The carrier is not endorsing the policy with each change and therefore would
have great difficulty keeping track of which holders are entitled to notice.
This is not usually a problem on property insurance since there are generally
less entities (mortgagees or loss payees) entitled to notice.
As more and more buyers use the risk transfer mechanism to reduce their
own loss experience, therefore demanding additional insured status from
their contractors, tenants, and suppliers this problem will become even
more difficult. In some cases in our state, carriers writing liability insurance
for property owners are demanding that their policyholders obtain contractual
indemnity/defense protection and the backup coverage from every vendor,
contractor, tenant, etc. In many cases, this is becoming a warranty under
the CGL form and failure to have appropriate contracts and insurance protection
will void coverage.
I suggest the creation of a casualty evidence form as the only real way
to guarantee that the holder will receive the notice to which they are entitled.
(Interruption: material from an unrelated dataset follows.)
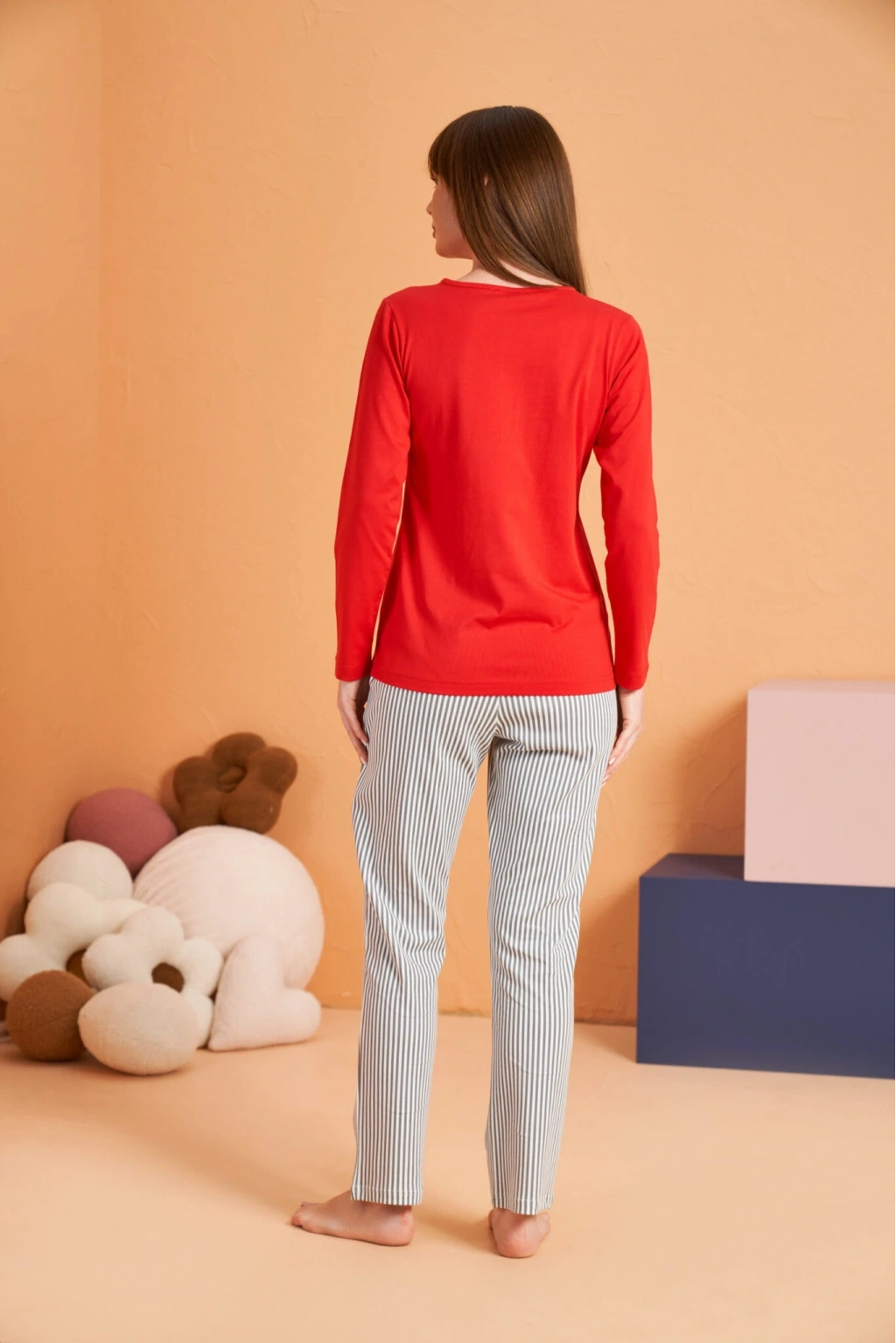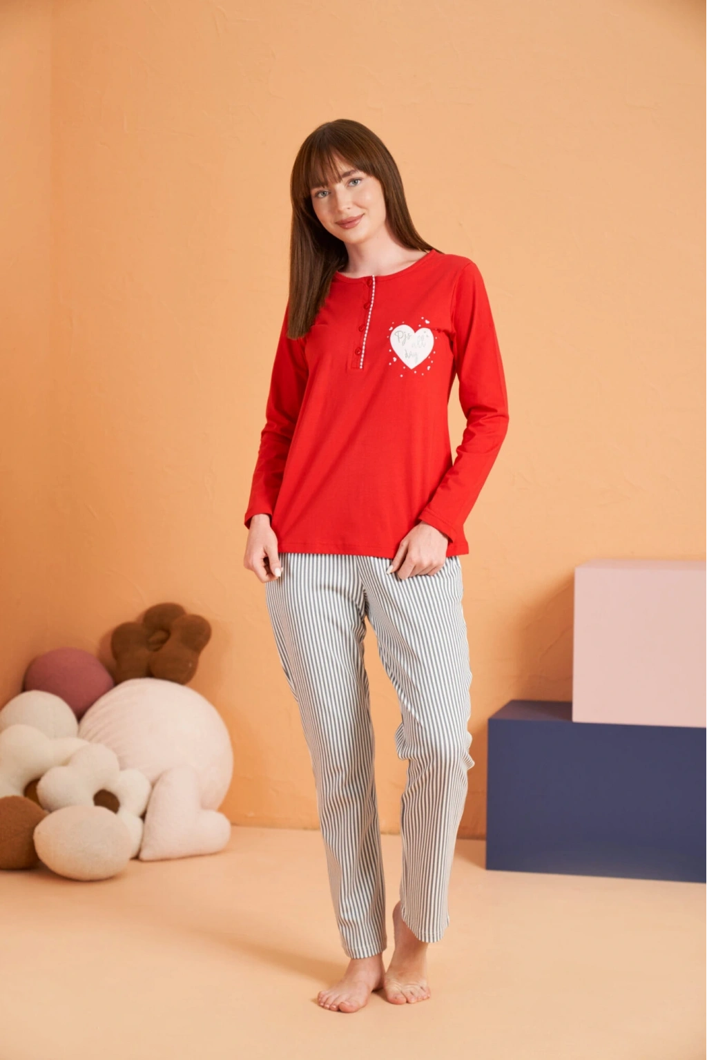 PJS 28081 Kadın Uzun Kol Yuvarlak Yaka Kalpli Pijama Takım

We are certainly open to hearing other suggestions as to how we can eliminate
the problem.
—Charles Weisblum, Chairman, MLW Services, Inc.,
New York, NY
-
The thing you're missing is that, in an effort to escape responsibility,
many insurance carriers long ago instructed their agents NOT to send them
copies of issued certificates—they're not about to reverse course. It also
doesn't solve the problem of blanket additional insured clauses of various
flavors. It also doesn't help in those states where premium finance companies
can actually effect cancellation for nonpayment of an installment (they
don't know who the certificate holders are).
Having said all that, I certainly am in favor of eliminating the "endeavor
to" clause but I don't think there's a chance in hell that it will happen
except for a few "enlightened" carriers here and there.